• _PROVIDED DATA_:

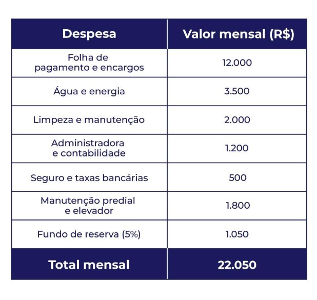 São os custos recorrentes e necessários para o funcionamento do condomínio.
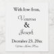 Elegant crisp white background with black text wedding reception favours. With Love From, Personalise Bride and Groom's First Names, Wedding Date. Add Wine Name at the bottom or delete. Designs by TamiraZDesigns.
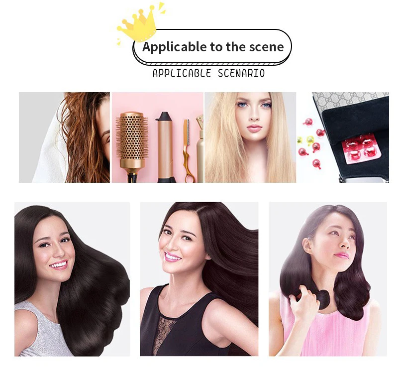 Описание:-уход за шампунем после мытья шампуня, сушить голову до тех пор, пока она не будет капать. Возьмите капсулу и нанесите соответствующее количество на волосы, которые нуждаются в уходе. Затем высушите или дайте волосам высохнуть естественным образом, оставив волосы мягкими и блестящими. -Ежедневный уход, когда волосы сухие и грубые, нанесите эфирное масло на ладонь и равномерно на середину и концы волос.
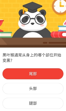 黑叶猴通常从身上的哪个部位开始变黑?尾部、头部、腿部。这是森林驿站8月30日森林小课堂的题目,黑叶猴幼崽体毛为灰褐色和橘黄色,那么它们是从尾部、头部还是腿部开始变黑的呢?小伙伴们一起来看看吧!森林驿站8月30日每日一题答案问题:黑叶猴通常从身上的哪个部位开始变黑?尾部头部腿部答案:尾部知识拓展黑叶猴

• _DESCRIPTION OF THE TASK_: Reproduce the whole listing above character for character; pictures do not belong in it.

• _RESULT OF THE EXERCISE_:
 São os custos recorrentes e necessários para o funcionamento do condomínio.
 Elegant crisp white background with black text wedding reception favours. With Love From, Personalise Bride and Groom's First Names, Wedding Date. Add Wine Name at the bottom or delete. Designs by TamiraZDesigns.
 Описание:-уход за шампунем после мытья шампуня, сушить голову до тех пор, пока она не будет капать. Возьмите капсулу и нанесите соответствующее количество на волосы, которые нуждаются в уходе. Затем высушите или дайте волосам высохнуть естественным образом, оставив волосы мягкими и блестящими. -Ежедневный уход, когда волосы сухие и грубые, нанесите эфирное масло на ладонь и равномерно на середину и концы волос.
 黑叶猴通常从身上的哪个部位开始变黑?尾部、头部、腿部。这是森林驿站8月30日森林小课堂的题目,黑叶猴幼崽体毛为灰褐色和橘黄色,那么它们是从尾部、头部还是腿部开始变黑的呢?小伙伴们一起来看看吧!森林驿站8月30日每日一题答案问题:黑叶猴通常从身上的哪个部位开始变黑?尾部头部腿部答案:尾部知识拓展黑叶猴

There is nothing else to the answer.